What needs to be done: Would you repeat word for word the lines of the listing that follows, from the one with "Пчеловоды проверяют мед" up to and including the one with "The short jean", and leave out the images?

Source material:
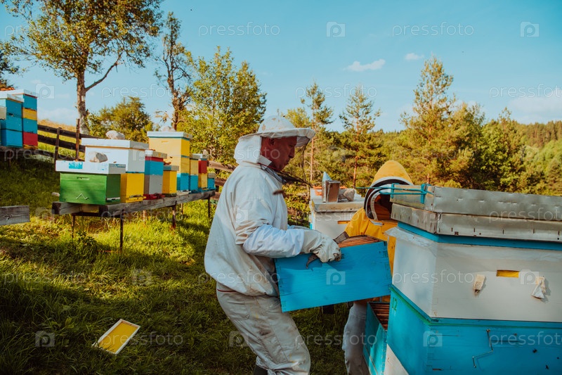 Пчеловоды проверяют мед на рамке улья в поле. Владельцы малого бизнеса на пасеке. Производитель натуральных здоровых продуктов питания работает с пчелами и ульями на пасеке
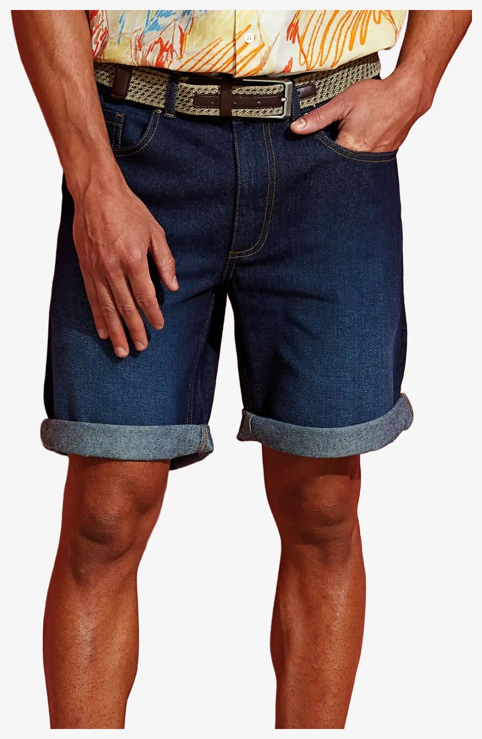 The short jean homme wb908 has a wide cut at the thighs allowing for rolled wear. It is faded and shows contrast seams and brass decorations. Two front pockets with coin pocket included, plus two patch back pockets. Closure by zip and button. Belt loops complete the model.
* * *
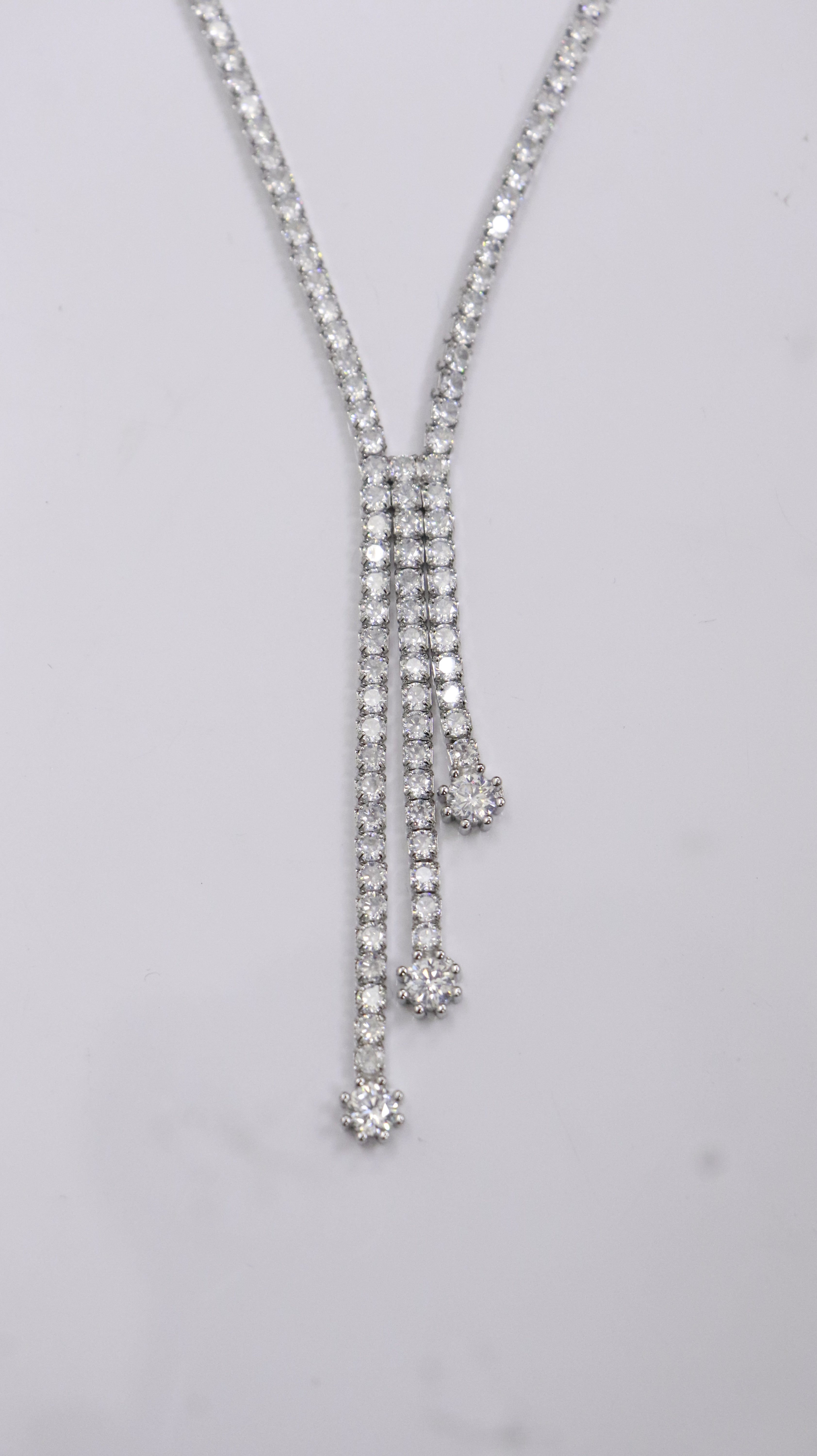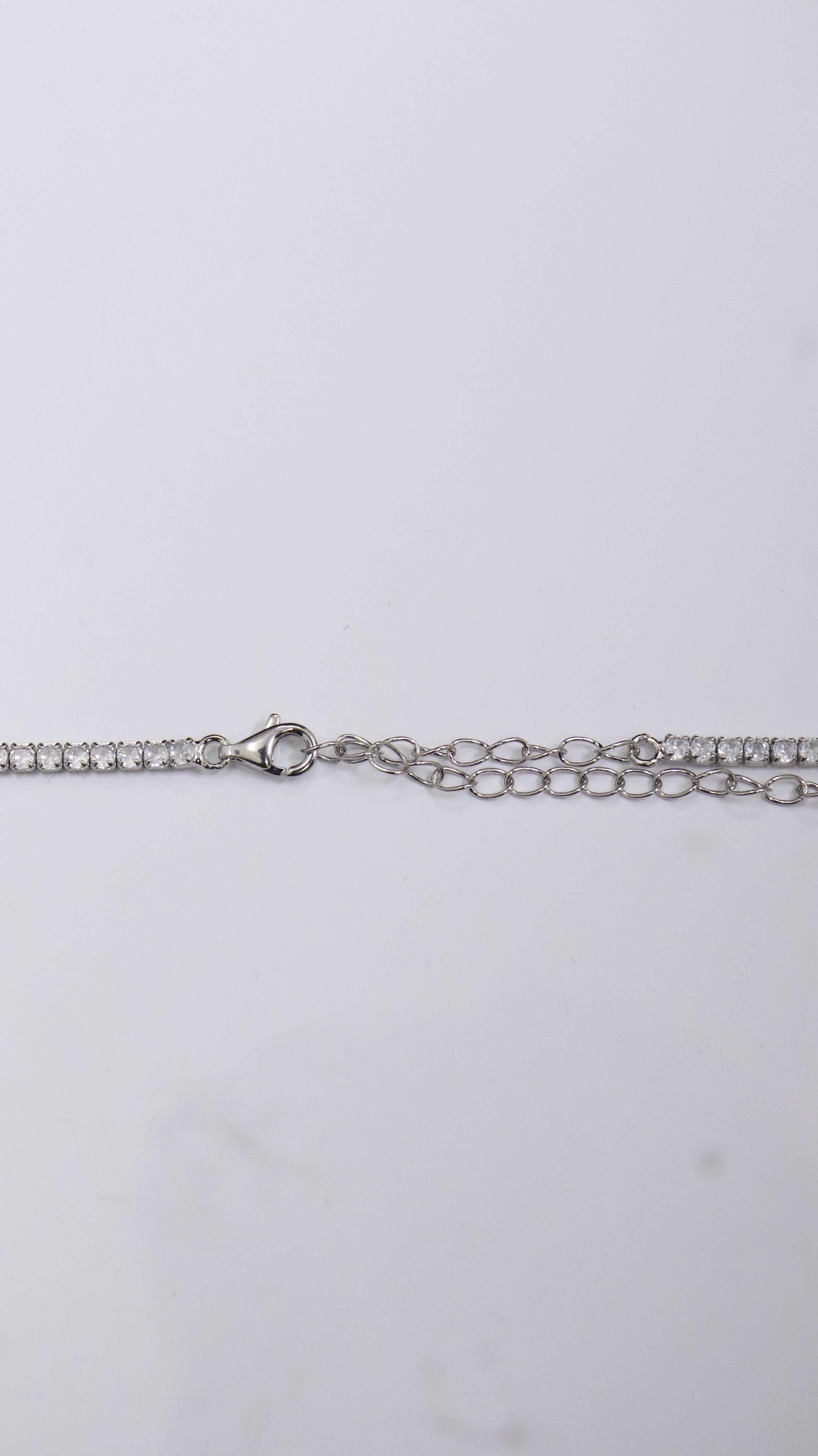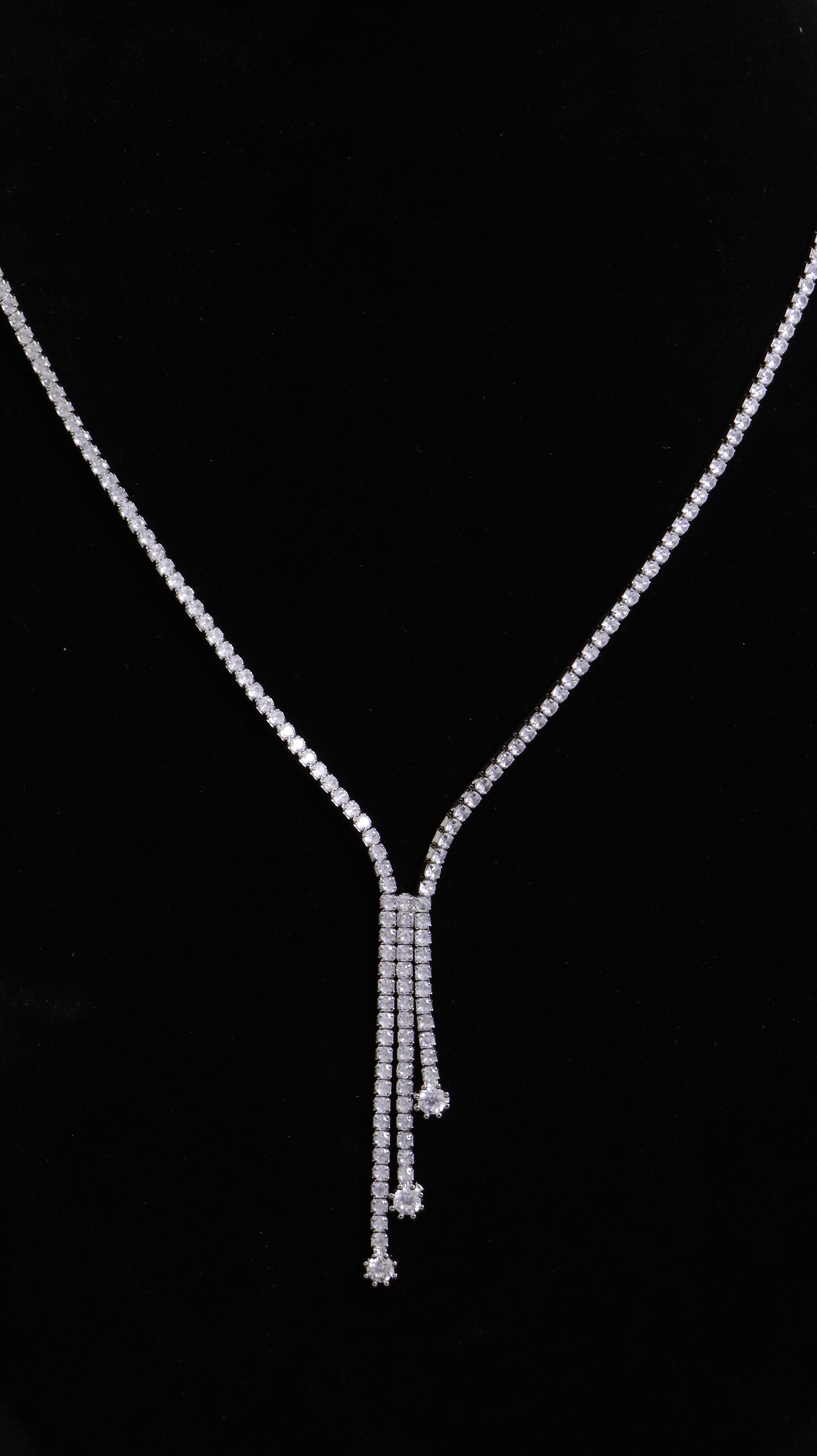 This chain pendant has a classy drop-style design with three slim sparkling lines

Your solution:
 Пчеловоды проверяют мед на рамке улья в поле. Владельцы малого бизнеса на пасеке. Производитель натуральных здоровых продуктов питания работает с пчелами и ульями на пасеке
 The short jean homme wb908 has a wide cut at the thighs allowing for rolled wear. It is faded and shows contrast seams and brass decorations. Two front pockets with coin pocket included, plus two patch back pockets. Closure by zip and button. Belt loops complete the model.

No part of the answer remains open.